*PROMPT*
Reproduce all of the data exactly. Images are not to appear in the reply.

*DATA LISTING*
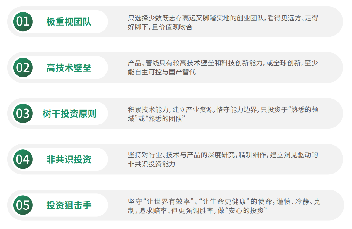 围绕信熹的使命、愿景、价值观,坚持工作方法论,我们严格执行“信熹投资金标准”、“信熹不为清单”、“信熹曲线”等策略,做好“硬科技投资狙击手”。
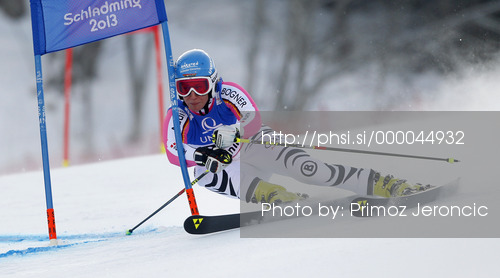 : Veronique Hronek of Germany skiing in first run of women giant slalom race of FIS Alpine skiing World Championships in Schladming, Austria. Women giant slalom race of FIS Alpine skiing World championships Schladming 2013, was held in Schladming, Austria, on Thursday, 14th of February 2013.
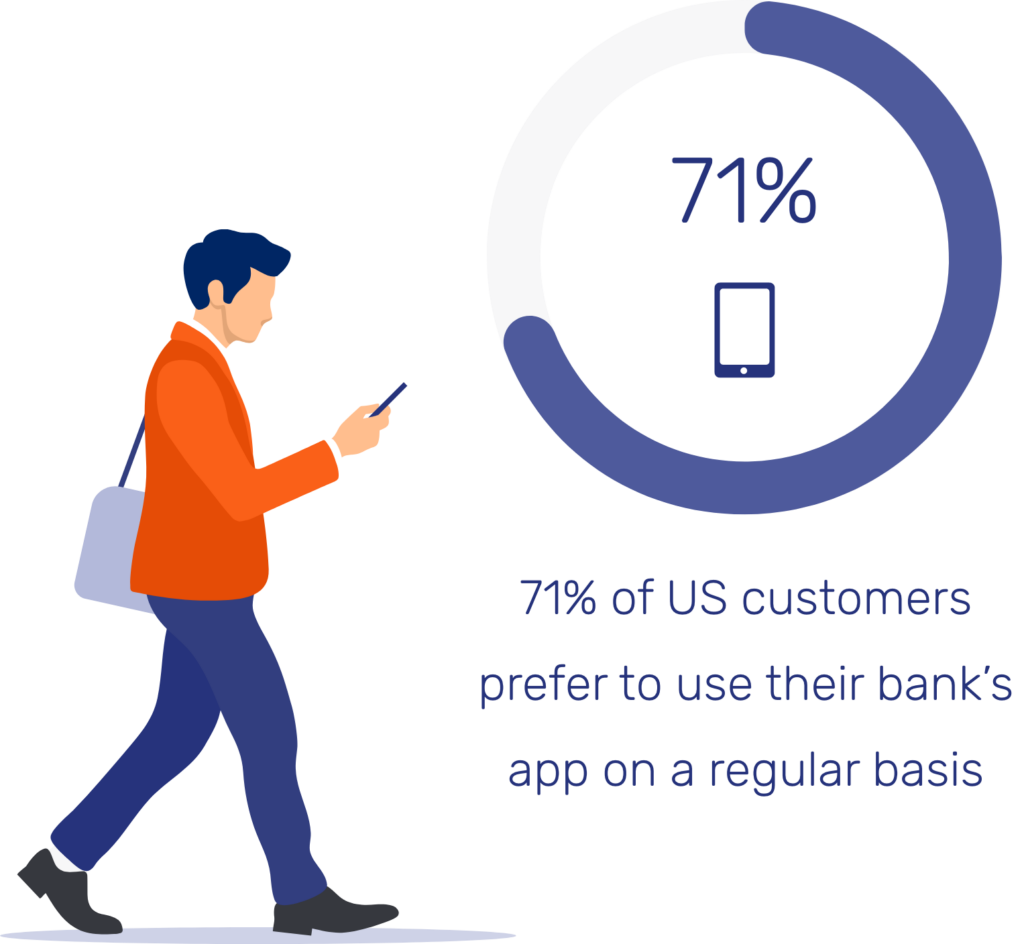 Customer preference for mobile banking apps is going from strength to strength. In the US, there is proving to be a steady uptake in digital banking usage through to 2025 and a reported 71% prefer to use their bank’s app on a regular basis.
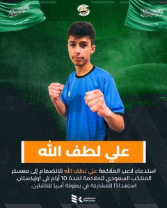 أستدعاء لاعب الملاكمة علي لطف الله للانضمام الى معسكر المنتخب السعودي للملاكمة لمدة ١٠ أيام في اوزبكستان استعدادً للمشاركة في بطولة آسيا للناشئين .
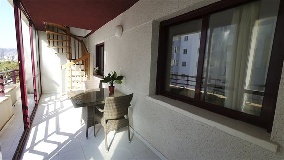 Superb duplex penthouse with a total area of 125 square metres located on the sixth floor of the building. It is divided into two floors. The first floor consists of a fully furnished bedroom with fitted wardrobes, an equipped kitchen and a living / dining room with direct access to the covered terrace and to the upper level of the apartment. On the second floor there is a diaphanous bedroom, a separate bathroom and a 41 m2 outdoor terrace. This large terrace offers incomparable views of Calpe, the sea and the mountains.

*TASK SOLUTION*
 围绕信熹的使命、愿景、价值观,坚持工作方法论,我们严格执行“信熹投资金标准”、“信熹不为清单”、“信熹曲线”等策略,做好“硬科技投资狙击手”。
 : Veronique Hronek of Germany skiing in first run of women giant slalom race of FIS Alpine skiing World Championships in Schladming, Austria. Women giant slalom race of FIS Alpine skiing World championships Schladming 2013, was held in Schladming, Austria, on Thursday, 14th of February 2013.
 Customer preference for mobile banking apps is going from strength to strength. In the US, there is proving to be a steady uptake in digital banking usage through to 2025 and a reported 71% prefer to use their bank’s app on a regular basis.
 أستدعاء لاعب الملاكمة علي لطف الله للانضمام الى معسكر المنتخب السعودي للملاكمة لمدة ١٠ أيام في اوزبكستان استعدادً للمشاركة في بطولة آسيا للناشئين .
 Superb duplex penthouse with a total area of 125 square metres located on the sixth floor of the building. It is divided into two floors. The first floor consists of a fully furnished bedroom with fitted wardrobes, an equipped kitchen and a living / dining room with direct access to the covered terrace and to the upper level of the apartment. On the second floor there is a diaphanous bedroom, a separate bathroom and a 41 m2 outdoor terrace. This large terrace offers incomparable views of Calpe, the sea and the mountains.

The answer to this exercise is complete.